I put my hand over hers and press, and her eyes jerk to mine in  surprise. In all the years she's been working for my family, I don't  know that I've ever once touched her, but at the moment it feels right.

"Thank you," I say quietly. "For everything."

Oh God. The woman's going to cry, I can see it in the wobbly chin and  the way she keeps staring up to first one corner of the kitchen ceiling  and then the other.

"Maybe this isn't the right decision," she says, her voice a little watery. "Maybe . . ."

"Nope," I say, leaning back and making my voice friendly even though my  words are resolute. "You've earned your retirement, Lindy. You and Mick  both have."

And it's true, but I don't miss the timing of it. Almost two weeks to  the day after Olivia left me, a disgruntled Lindy and Mick handed in  their resignation letters. They said that telling me personally was just  a courtesy, since it was actually my father who paid their salaries,  and it was my father whom they'd truly resigned to.

But I know the real reason they cornered me in my office that day. It wasn't a formality. It was to make a point.

It was their way of telling me that if I let Olivia go, I let them go too.

In other words, if I want to live alone, I do it all alone.

The kicker is, I can't even see them as traitors. Sure, they stood by my  side long before Olivia was even in the picture. And when I ran off all  the other caretakers my father threw my way, they stuck by me through  that too. On the surface, nothing about this scenario should be  different. In theory, we should be able to go back to being the three of  us, them staying out of my way and me treating with them with more  civility than I show the rest of the world.

That's no longer good enough for them, and I'm glad of it. They've  always deserved more than sticking by a surly beast who on my worst days  could barely muster up the word thanks.

"We won't be far," Lindy says, recovering her composure. "And you come  for Christmas if you want. It's only forty-five minutes, and you'll  always be welcome."

"I'll be fine, Lindy. I'm good."

I'm not good. I'm so far from good, there's not even a word for it.
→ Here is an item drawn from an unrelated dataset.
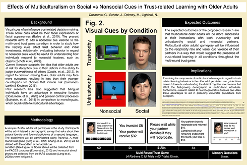 I decided to complete my Honors Undergraduate Thesis (HUT) within The Adult Development and Decision Lab. My HUT is currently titled, "Investigating Susceptibility and Trust in Older Adults with Cultural Differences". I plan to research trust behavior and scam susceptibility in older adults with normal aging and those at risk of developing Alzheimer's disease. This research is funded by grants from the NIH and FDOH.

But I  haven't celebrated Christmas for two years, and I'm not about to start  now. I could practically hear my dad's disappointment over the phone  when I told him not to come up for the holidays, and Lindy looks equally  crushed.

When will they learn not to expect anything from me?

"Mr. Paul-Paul," she corrects herself, realizing she no longer works for my family, and that I'm no longer twelve.

Don't, I silently beg Lindy. But she doesn't pick up on my silent cue. Nobody ever does.

Well, Olivia did. But she's gone. Gone for about a month now, without so  much as a text or email. I don't even know where she is.

"Paul," Lindy continues, coming around to where I sit at the counter and  standing close, looking like she wants to touch me but refraining, "I  know things are . . . bleak right now. It seems like everyone's leaving  you. But you understand, don't you?"

Actually, no. I don't understand. I mean, I get why people don't want to  be around me. I've always wondered why Lindy and Mick stuck it out,  especially when I was at my worst in those early days.

It's like Olivia somehow set an example for the others with her tough-love voodoo.

Kali won't talk to me either.

Not that I think Olivia told the others what happened. She was gone within an hour of telling me goodbye.

But her desertion sent a clear message: If the beast wants to be alone, then let him.

Whatever. I'll be fine. Lindy's right, I do make good eggs. I can brown beef for tacos, or whatever. I can boil water for pasta.

There's always takeout. If my leg's good enough to run, it's certainly good enough to drive.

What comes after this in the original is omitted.